A lot of employers will tell you that you have to pay off your 401k loan before you quit, but that isn't true. Otherwise, what would happen to all the people with 401k loans who get laid off? The fact is, you make the loan payments to the 401k custodian, and they don't give a shit if you're employed or not.

 
Best Response
Edmundo Braverman^^^ I'm afraid that's not true. Many IRA custodians will give you the option to have them take the 10% penalty out of the distribution up front, but if you decide instead to take the entire amount, you're still on the dangle for the 10% penalty the next year at tax time. In either case, the distribution amount is taxed as regular income for the year it occurred.
Just wanted to correct this for anyone who might stumble on it. You can pull money out of a pre-tax IRA (converted from a 401k) for college tuition and it will be a qualifying distribution. Furthermore, if your education does not qualify you for a new industry and is done either temporarily (one year or less) or part-time, you get to deduct it as a business expense.

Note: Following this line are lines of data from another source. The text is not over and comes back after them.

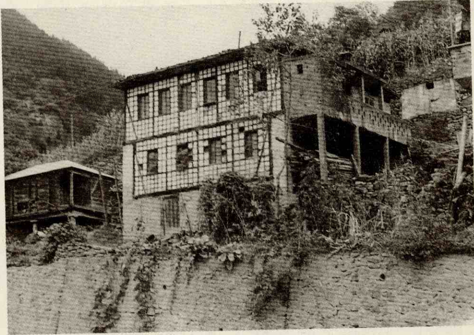
Fotoğraf 1- Başarköy evlerinden bir görünüm. Photo 1- A view from the village houses in Başarköy.

Değirmendere havzası, Doğu Karadeniz Coğrafi Bölümü'nden seçilen, bölgenin hemen bütün coğrafi özelliklerinin karakteristiklerini taşıyan, dolayısıyla önemli fiziki ve beşeri sorunları da olan bir alandır. Bu problemlerin varlığı bir kader değildir. Yöre insanı kendine bahşedilen pratik zekasını kullanıp, zaten pek çok olumsuzlu olumluya çevirebilmeyi başarmıştır. Bölgenin bugüne kadar değerlendirilemeyen birçok avantajlarından başlıcaları zengin tarihi ve doğal varlıklarıdır. Potansiyeli ekonomik değer olarak bölgeye kazandırırken, yöre insanını mutlak surette faaliyetlerin içerisinde düşünmek gerekir. Çünkü, turizmin önemli özelliklerinden birisi de yörenin geleneksel hayat tarzını başka insanlara tanıtmaktır. Bunun için en uygun yol, mezraa ve yaylalarda hatta köylerde pansiyonculuğu teşvik etmektir. Aksi halde sadece birkaç yıldızlı otelin rastgele hayata geçirilmesi, sağlanan ekonomik girdinin yöre insanına rasyonel dağıtılamaması sorununu ortaya çıkarabilir. Şu halde, sahada alt yapı ile destekli turizm çalışmalarının yanı sıra, kredi destekli pansiyonculuğun da yaygınlaştırılması akılcıdır. Zaten daimi iskan merkezlerinde göçler, geçici yerleşmelerde de hayvancılık fonksiyonunun zayıflaması nedeniyle pek çok mesken boştur. Bu da alt yapı bakımından önemli bir avantaj olarak düşünülebilir.
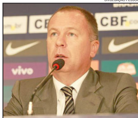
Mano Menezes foi demitido ontem
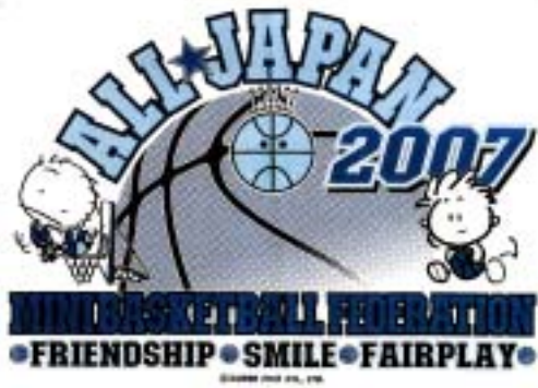
白地Tシャツデザイン
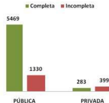
Gráfico 4: Descarga de Inmunizaciones

En cuanto a las inmunizaciones en el área pública de 6.799/24.920 expedientes el 80% presentaban registro de inmunización completa y el 20% incompleta. En el área privada sobre 682/712 expedientes el 41% presentaba registro de inmunización completa y el 59% inmunización incompleta.
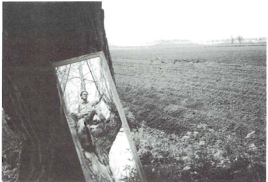
Wat is natuur?

En zo is het ook met het begrip natuur. De ruime betekenis van de natuur is bewust door de natuurbeschermers ingeperkt om duidelijk te kunnen maken wat wel en wat niet tot de te beschermen objecten behoort. En ook daarin bestonden (en bestaan er nog wel) verschillende opvattingen. Een opvatting die vooral vroeger gehuldigd werd, omschreef de natuur als de werkelijkheid om ons heen voor zover die buiten toedoen van de mens was ontstaan. De mens wordt daarbij geheel buiten de natuur geplaatst. De natuur waar het dan om gaat, betreft de zg. ongerepte
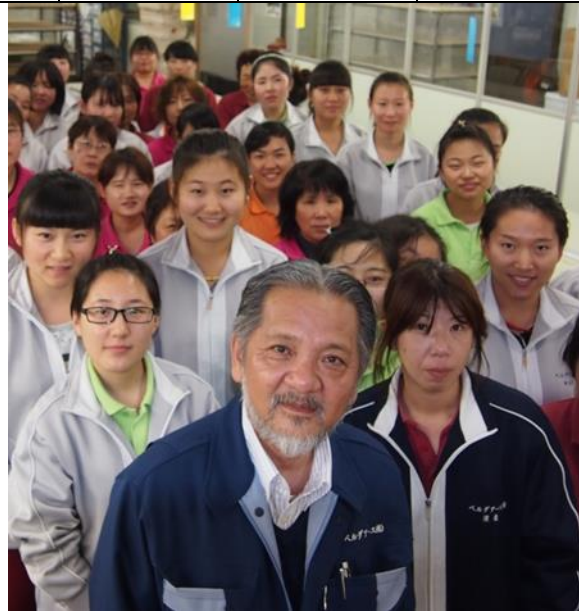
職場の仲間たちと
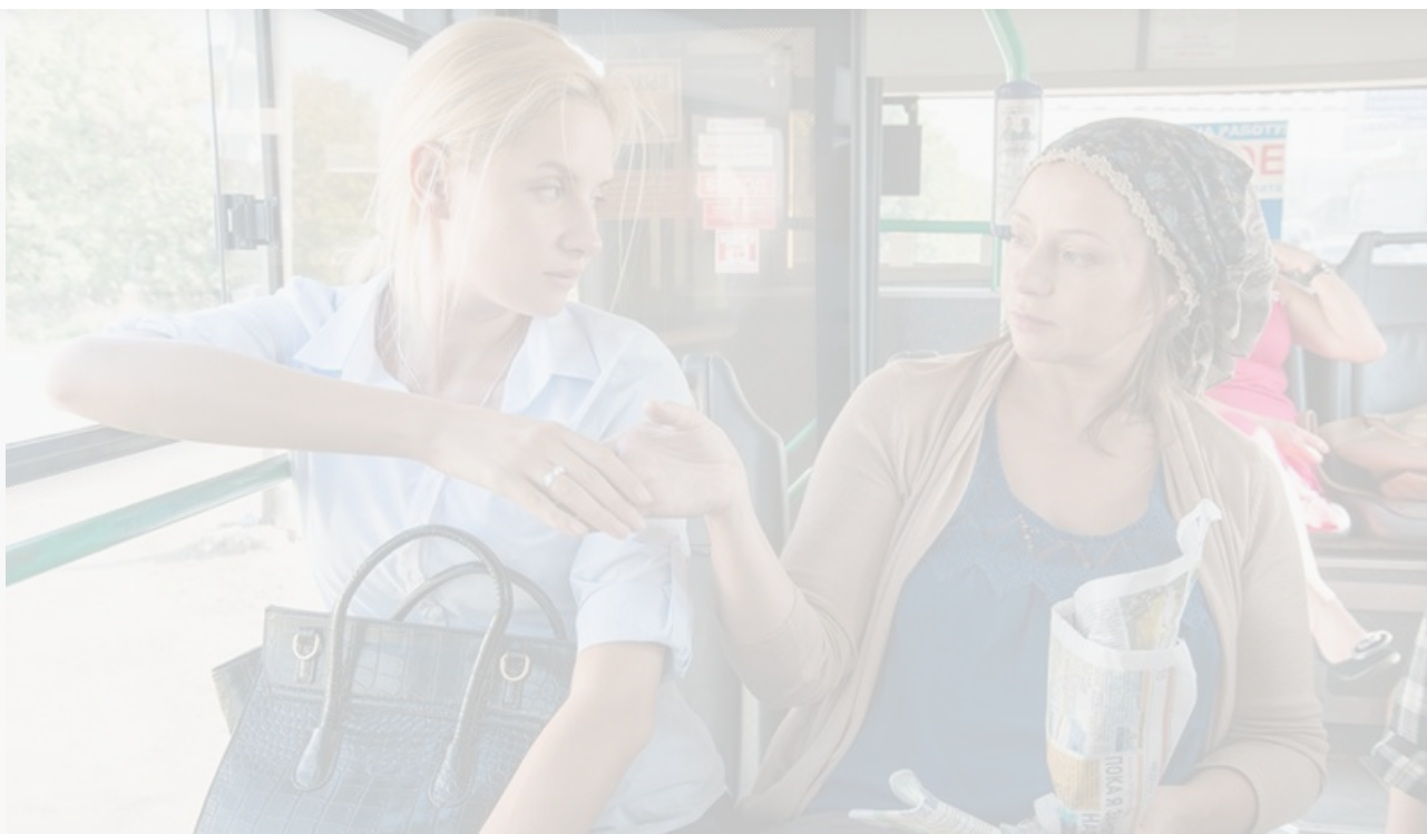
Клавдия в фильме «Идеальная жертва», 2015 год

Никто не знает, где окажется завтра. И об этом нужно помнить и взрослым, и молодым, которые порой не хотят думать о том, какие проблемы их ждут впереди.
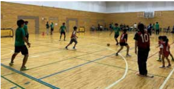
▲スポーツイベント（インクルーシブサッカーフェスタ）

子どもたちを対象としたスポーツイベント（パラスポーツ含む）を通年で実施するとともに、子どもの居場所・遊び場づくりのため、新たにスポーツ施設を無料で一般開放します。
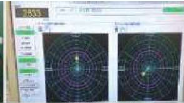
アンバランス測定器
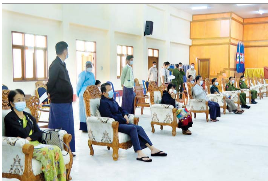
ကိုဗစ်-၁၉ ကာကွယ်ဆေး ထိုးရန် စောင့်ဆိုင်းနေကြသူများကို တွေ့ရစဉ်။
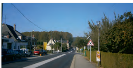
Réfection de la chaussée et des trottoirs dans le secteur du garage Renault
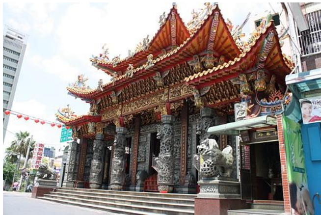
圖 3(註 6)

彰化縣志也記載，清朝乾隆卅五年（公元一七七〇年），官方爲了鎮撫半線社番人而興建「番社王爺宮」，多年後該廟被暴風雨摧毀，還由當地番人募款五十元修復，這些都可證明該神祇本爲半線社平埔族的信仰，直到該社漢化消失後，該王爺才被漢人「繼承」而繼續祭祀。
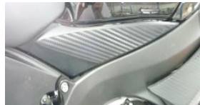
left side panel

IRS publication 970 has a lot more information on this:

http://www.irs.gov/publications/p970/ch09.html

There are a number of circumstances where you can take out IRA distributions before age 59.5. This includes a one-time $10K withdrawal for buying your first home, qualifying educational expenses, certain disaster-level medical expenses, and taking a "series of substantially equal lifetime distributions":

http://www.irs.gov/publications/p590/ch01.html#en_US_2011_publink100023…

Furthermore, Illinois does not tax retirement income of any kind, including IRA distributions. So if you're going to Northwestern or Chicago for your MBA, you only pay federal tax on the withdrawal. If you are avoiding NYC tax on the distributions, and you drop from the 28% tax bracket to the 15% tax bracket, this works out to a net after-tax savings of about 25%.

 

typically your not 100% vested out the shoot, it usually goes 30% vested after year 1, 60% vested after year 2, etc etc or some variation similar to that

 

For B school financial aid (and for most other types of degrees) they will never take into account the money that you have in a 401K (or even other retirement accounts, well ones which you can't withdraw from without penalties anyways.). So, No the money in there won't be considered while calculating the aid package.